» Task description
Word for word, copy the entire listing below, but do not carry over any pictures.

» Record set
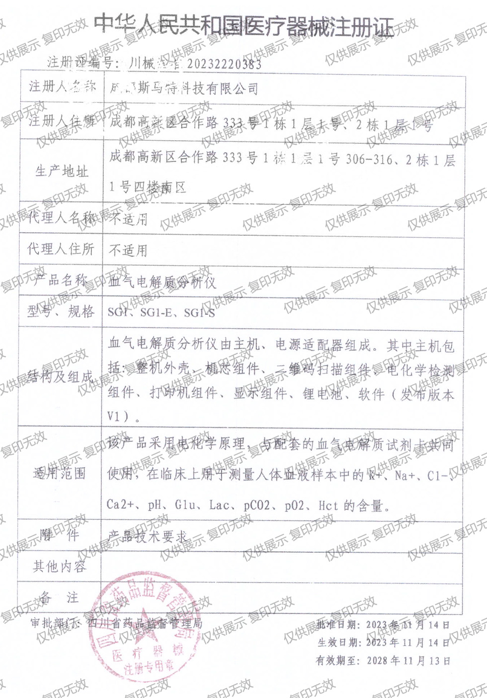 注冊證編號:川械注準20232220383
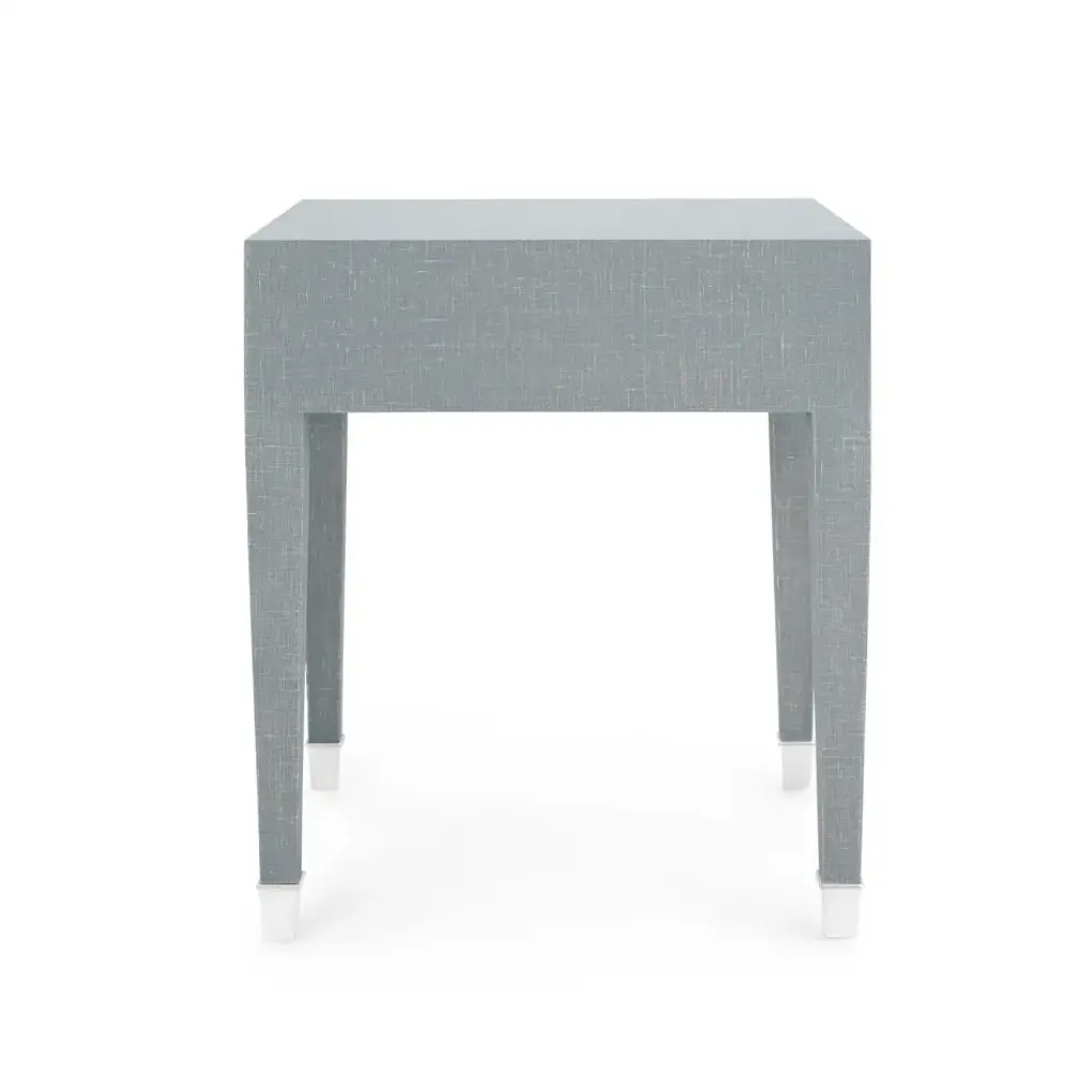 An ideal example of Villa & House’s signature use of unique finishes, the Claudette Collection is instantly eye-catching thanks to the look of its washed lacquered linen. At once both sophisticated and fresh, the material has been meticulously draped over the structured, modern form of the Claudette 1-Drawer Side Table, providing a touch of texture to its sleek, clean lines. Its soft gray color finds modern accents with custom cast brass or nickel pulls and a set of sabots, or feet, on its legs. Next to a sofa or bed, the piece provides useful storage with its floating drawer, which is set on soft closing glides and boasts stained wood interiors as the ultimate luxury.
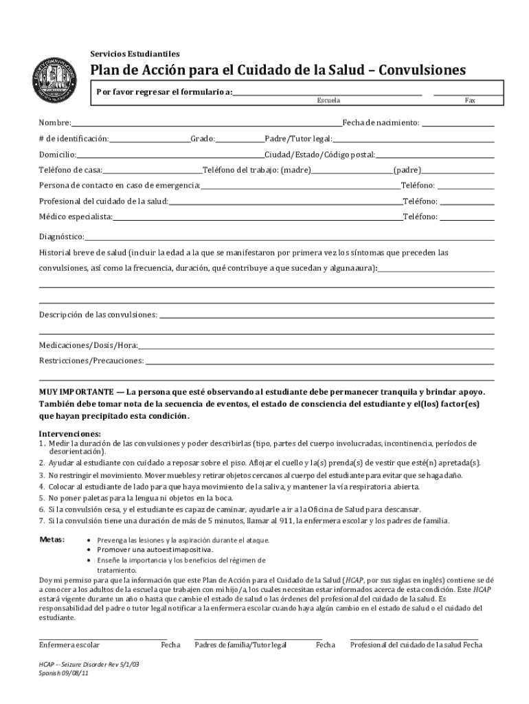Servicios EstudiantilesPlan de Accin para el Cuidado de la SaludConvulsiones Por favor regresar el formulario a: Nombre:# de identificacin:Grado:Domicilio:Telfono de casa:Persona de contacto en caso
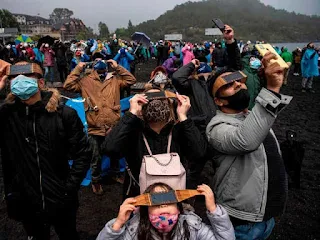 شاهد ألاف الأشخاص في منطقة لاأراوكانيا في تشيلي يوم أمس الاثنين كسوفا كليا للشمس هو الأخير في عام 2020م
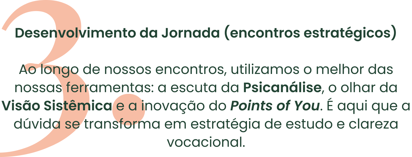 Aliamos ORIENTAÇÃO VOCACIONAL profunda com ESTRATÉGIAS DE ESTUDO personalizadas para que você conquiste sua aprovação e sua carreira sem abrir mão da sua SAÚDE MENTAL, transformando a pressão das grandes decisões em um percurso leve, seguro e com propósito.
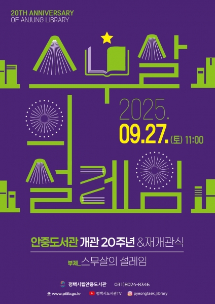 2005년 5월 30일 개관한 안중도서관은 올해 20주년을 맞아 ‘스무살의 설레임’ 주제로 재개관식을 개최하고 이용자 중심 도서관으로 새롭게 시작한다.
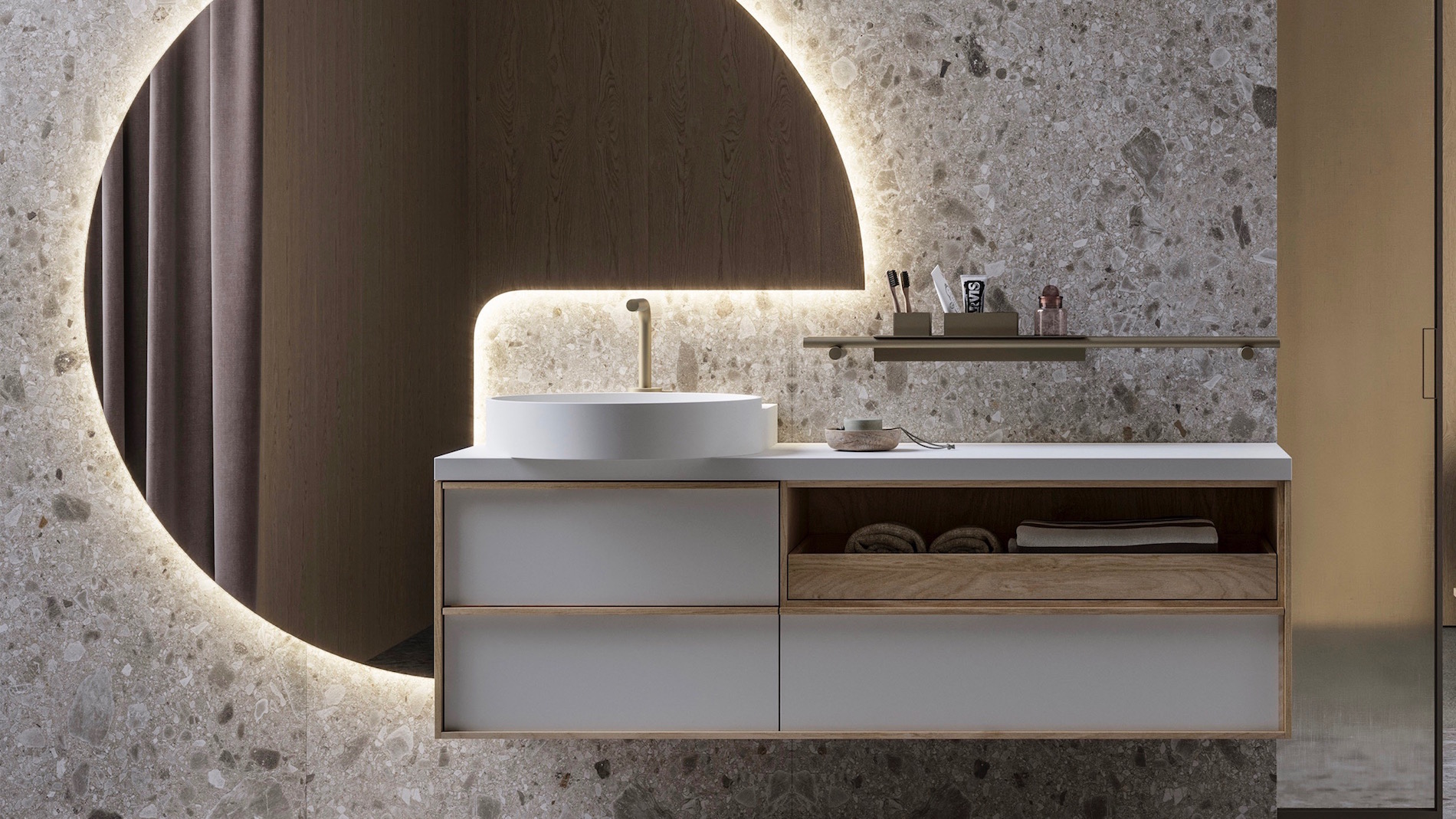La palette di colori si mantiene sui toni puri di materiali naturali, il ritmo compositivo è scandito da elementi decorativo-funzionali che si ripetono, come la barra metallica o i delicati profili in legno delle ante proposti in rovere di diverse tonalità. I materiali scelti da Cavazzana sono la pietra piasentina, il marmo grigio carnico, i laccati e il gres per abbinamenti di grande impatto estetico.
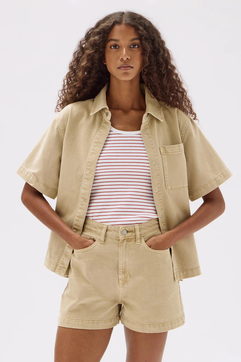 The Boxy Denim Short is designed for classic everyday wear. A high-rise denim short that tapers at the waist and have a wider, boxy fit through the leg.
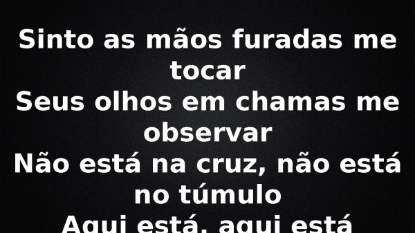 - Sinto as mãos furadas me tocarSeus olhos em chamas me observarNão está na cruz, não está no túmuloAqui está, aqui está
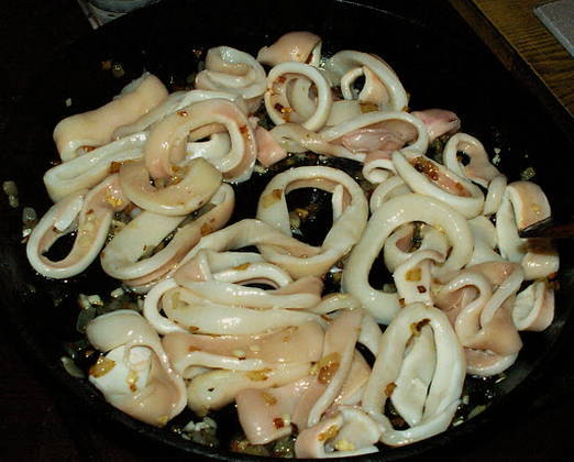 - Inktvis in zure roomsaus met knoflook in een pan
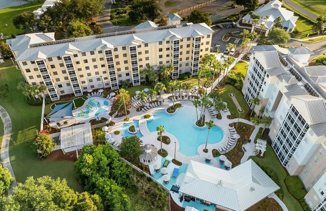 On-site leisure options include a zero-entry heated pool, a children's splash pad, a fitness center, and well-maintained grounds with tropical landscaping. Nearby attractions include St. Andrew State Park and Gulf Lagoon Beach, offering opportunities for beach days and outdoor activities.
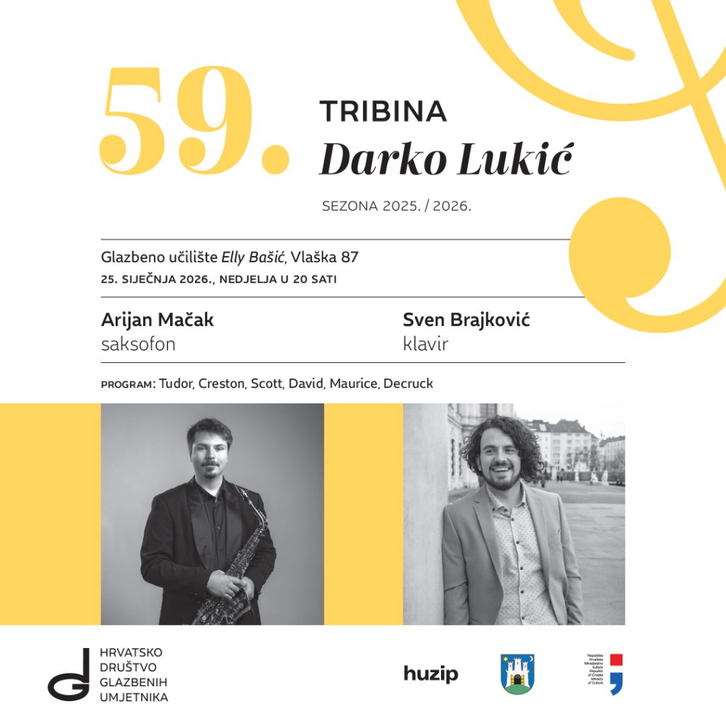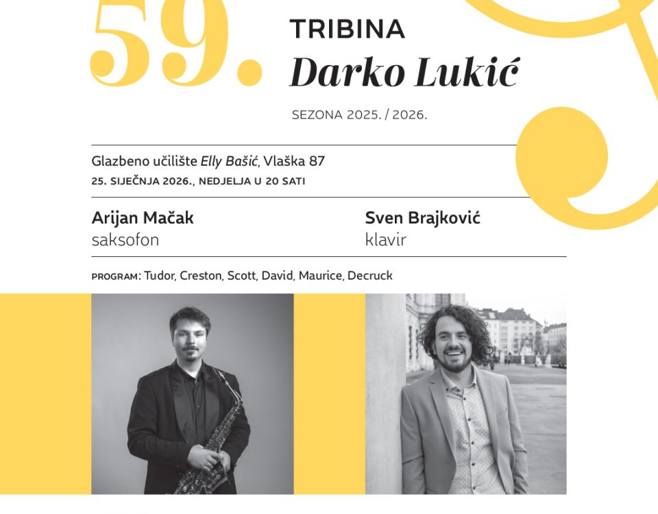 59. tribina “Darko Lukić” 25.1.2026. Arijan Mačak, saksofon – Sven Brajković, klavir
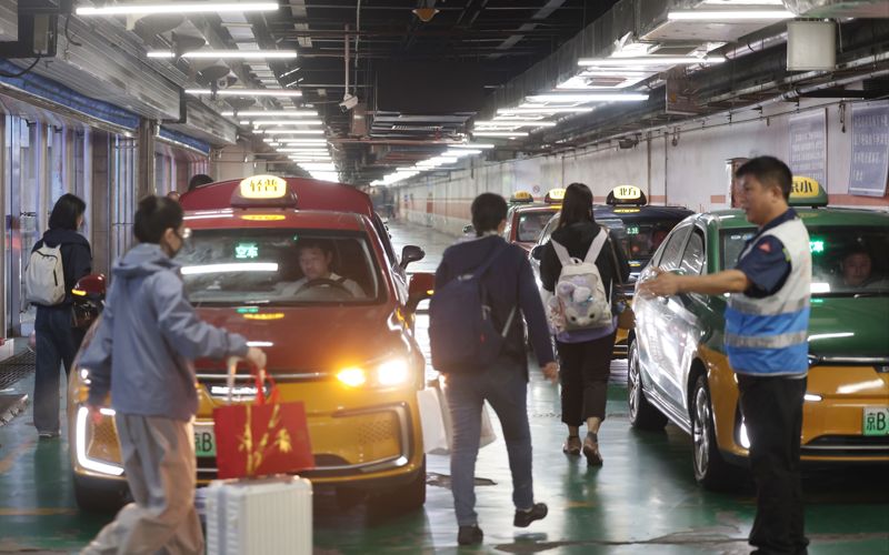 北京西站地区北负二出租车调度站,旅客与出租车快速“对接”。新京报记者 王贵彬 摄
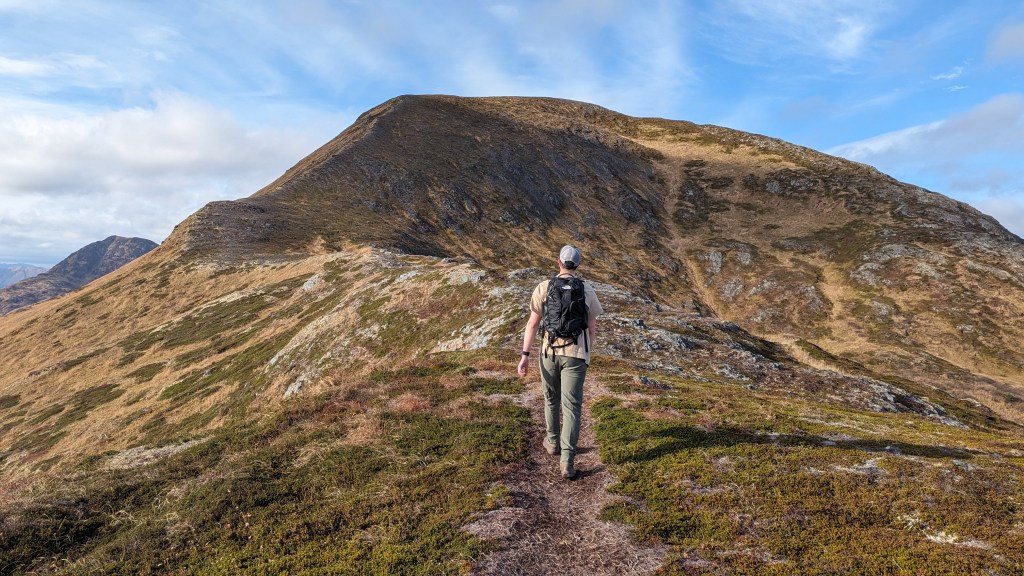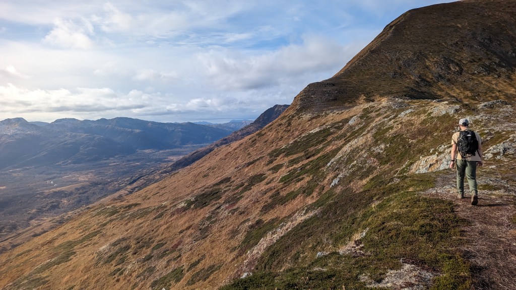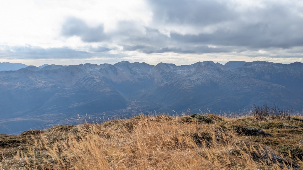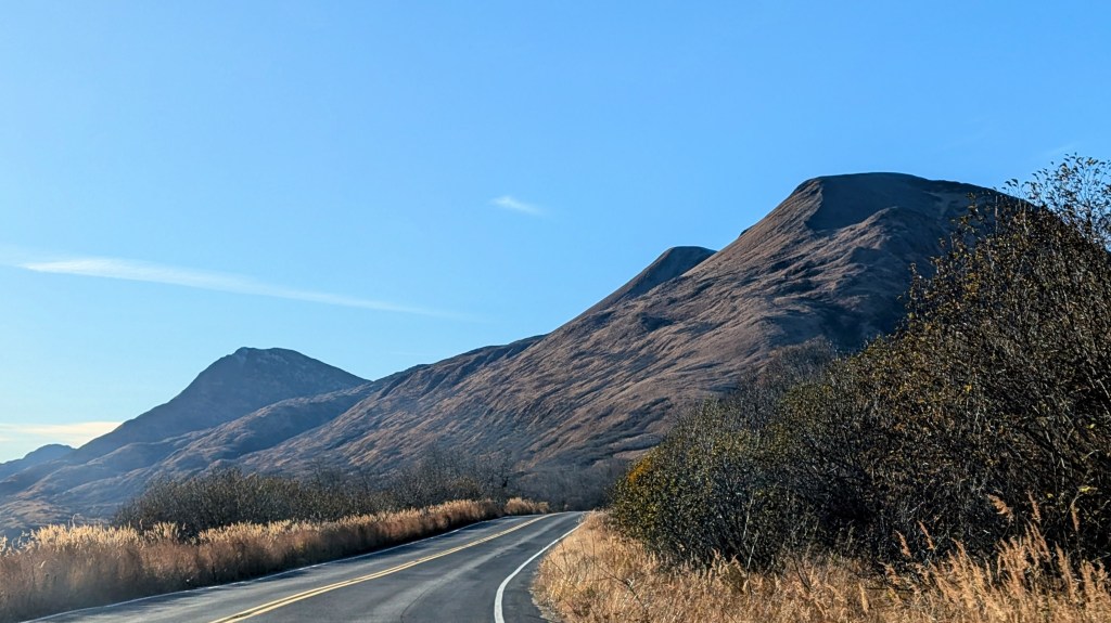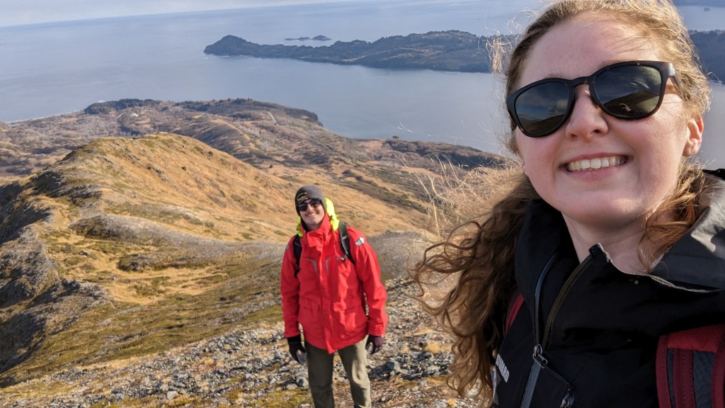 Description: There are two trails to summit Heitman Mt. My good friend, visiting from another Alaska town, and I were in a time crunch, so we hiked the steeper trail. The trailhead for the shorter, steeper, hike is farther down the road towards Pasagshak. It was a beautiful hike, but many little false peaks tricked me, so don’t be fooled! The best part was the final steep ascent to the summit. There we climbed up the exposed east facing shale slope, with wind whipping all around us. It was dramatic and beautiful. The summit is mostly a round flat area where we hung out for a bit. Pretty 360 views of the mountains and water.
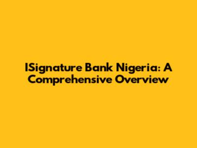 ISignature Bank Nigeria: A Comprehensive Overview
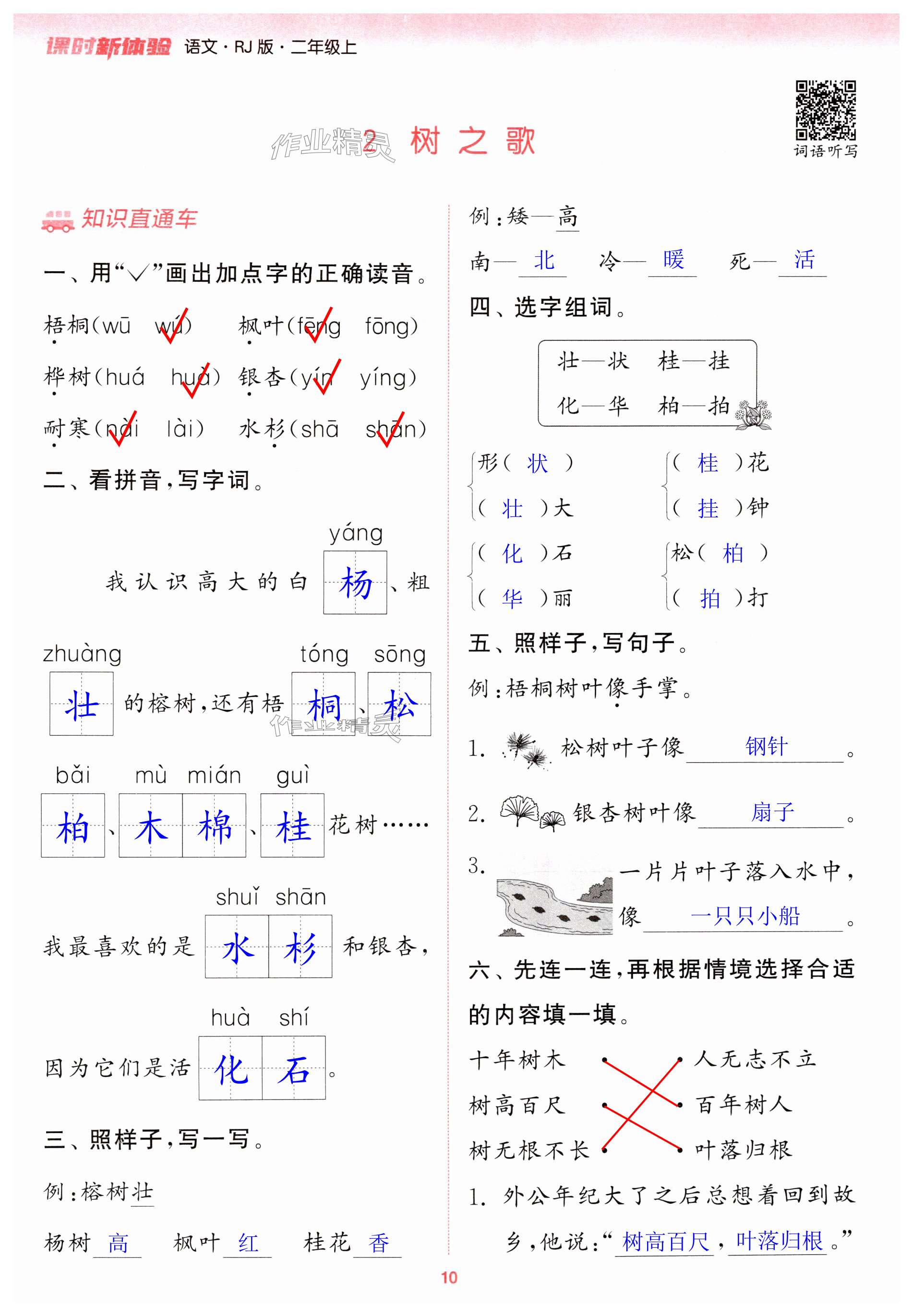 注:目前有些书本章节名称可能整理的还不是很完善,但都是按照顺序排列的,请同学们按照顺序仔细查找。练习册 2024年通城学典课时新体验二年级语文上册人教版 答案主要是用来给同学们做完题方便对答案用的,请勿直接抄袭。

» Result
 注冊證編號:川械注準20232220383
 An ideal example of Villa & House’s signature use of unique finishes, the Claudette Collection is instantly eye-catching thanks to the look of its washed lacquered linen. At once both sophisticated and fresh, the material has been meticulously draped over the structured, modern form of the Claudette 1-Drawer Side Table, providing a touch of texture to its sleek, clean lines. Its soft gray color finds modern accents with custom cast brass or nickel pulls and a set of sabots, or feet, on its legs. Next to a sofa or bed, the piece provides useful storage with its floating drawer, which is set on soft closing glides and boasts stained wood interiors as the ultimate luxury.
Servicios EstudiantilesPlan de Accin para el Cuidado de la SaludConvulsiones Por favor regresar el formulario a: Nombre:# de identificacin:Grado:Domicilio:Telfono de casa:Persona de contacto en caso
 شاهد ألاف الأشخاص في منطقة لاأراوكانيا في تشيلي يوم أمس الاثنين كسوفا كليا للشمس هو الأخير في عام 2020م
 Aliamos ORIENTAÇÃO VOCACIONAL profunda com ESTRATÉGIAS DE ESTUDO personalizadas para que você conquiste sua aprovação e sua carreira sem abrir mão da sua SAÚDE MENTAL, transformando a pressão das grandes decisões em um percurso leve, seguro e com propósito.
 2005년 5월 30일 개관한 안중도서관은 올해 20주년을 맞아 ‘스무살의 설레임’ 주제로 재개관식을 개최하고 이용자 중심 도서관으로 새롭게 시작한다.
La palette di colori si mantiene sui toni puri di materiali naturali, il ritmo compositivo è scandito da elementi decorativo-funzionali che si ripetono, come la barra metallica o i delicati profili in legno delle ante proposti in rovere di diverse tonalità. I materiali scelti da Cavazzana sono la pietra piasentina, il marmo grigio carnico, i laccati e il gres per abbinamenti di grande impatto estetico.
 The Boxy Denim Short is designed for classic everyday wear. A high-rise denim short that tapers at the waist and have a wider, boxy fit through the leg.
 - Sinto as mãos furadas me tocarSeus olhos em chamas me observarNão está na cruz, não está no túmuloAqui está, aqui está
 - Inktvis in zure roomsaus met knoflook in een pan
 On-site leisure options include a zero-entry heated pool, a children's splash pad, a fitness center, and well-maintained grounds with tropical landscaping. Nearby attractions include St. Andrew State Park and Gulf Lagoon Beach, offering opportunities for beach days and outdoor activities.
 59. tribina “Darko Lukić” 25.1.2026. Arijan Mačak, saksofon – Sven Brajković, klavir
 北京西站地区北负二出租车调度站,旅客与出租车快速“对接”。新京报记者 王贵彬 摄
 Description: There are two trails to summit Heitman Mt. My good friend, visiting from another Alaska town, and I were in a time crunch, so we hiked the steeper trail. The trailhead for the shorter, steeper, hike is farther down the road towards Pasagshak. It was a beautiful hike, but many little false peaks tricked me, so don’t be fooled! The best part was the final steep ascent to the summit. There we climbed up the exposed east facing shale slope, with wind whipping all around us. It was dramatic and beautiful. The summit is mostly a round flat area where we hung out for a bit. Pretty 360 views of the mountains and water.
 ISignature Bank Nigeria: A Comprehensive Overview
 注:目前有些书本章节名称可能整理的还不是很完善,但都是按照顺序排列的,请同学们按照顺序仔细查找。练习册 2024年通城学典课时新体验二年级语文上册人教版 答案主要是用来给同学们做完题方便对答案用的,请勿直接抄袭。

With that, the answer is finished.